__Supplied material__.
==========
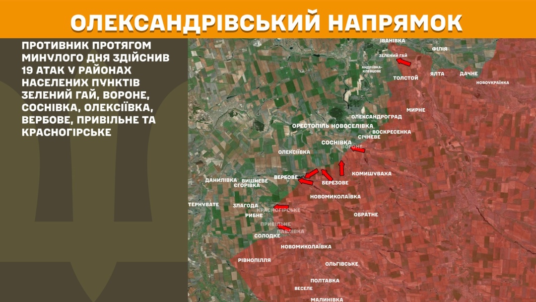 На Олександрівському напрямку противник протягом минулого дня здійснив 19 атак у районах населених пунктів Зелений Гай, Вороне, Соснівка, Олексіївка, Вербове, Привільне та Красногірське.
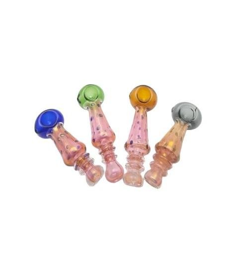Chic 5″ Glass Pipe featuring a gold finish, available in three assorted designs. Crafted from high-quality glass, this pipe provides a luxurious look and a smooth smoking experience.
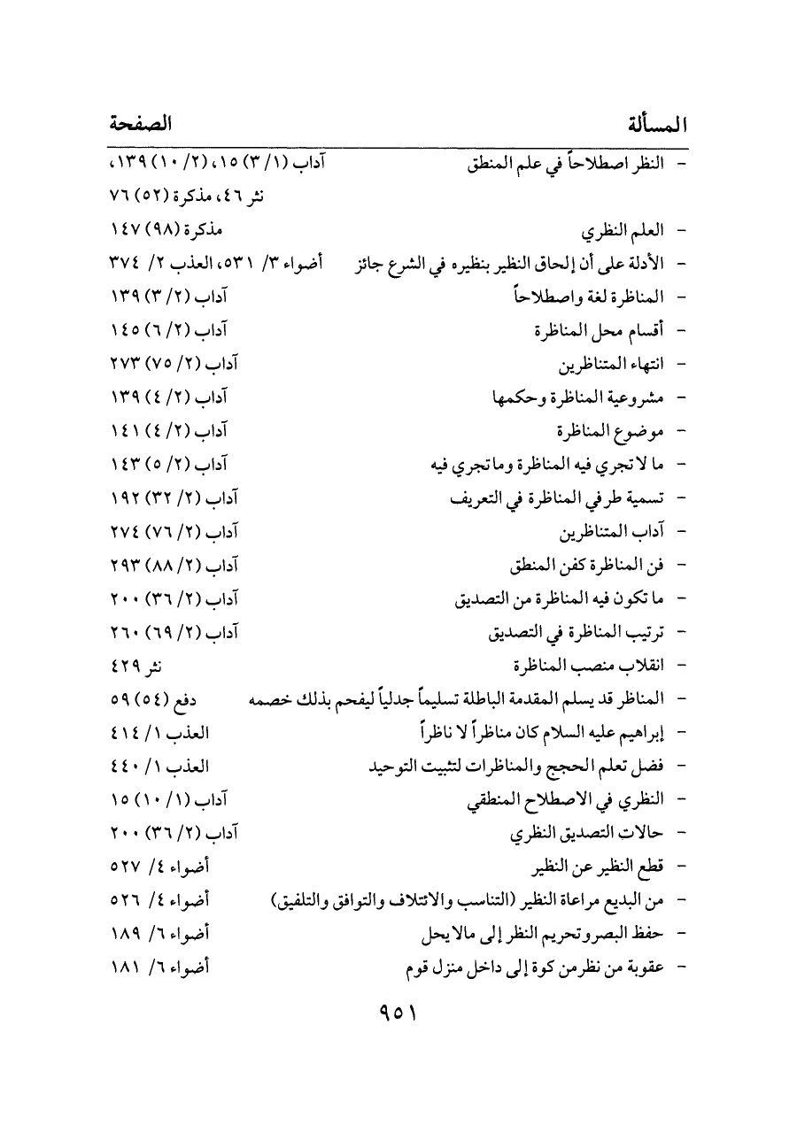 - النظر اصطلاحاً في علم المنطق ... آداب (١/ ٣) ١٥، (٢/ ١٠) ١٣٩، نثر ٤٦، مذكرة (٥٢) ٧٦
==========
__Task description__.
Once the line holding "Chic 5″ Glass" is found, copy it and each later line exactly through the end of the data, leaving out the pictures.

__Written solution__.
Chic 5″ Glass Pipe featuring a gold finish, available in three assorted designs. Crafted from high-quality glass, this pipe provides a luxurious look and a smooth smoking experience.
 - النظر اصطلاحاً في علم المنطق ... آداب (١/ ٣) ١٥، (٢/ ١٠) ١٣٩، نثر ٤٦، مذكرة (٥٢) ٧٦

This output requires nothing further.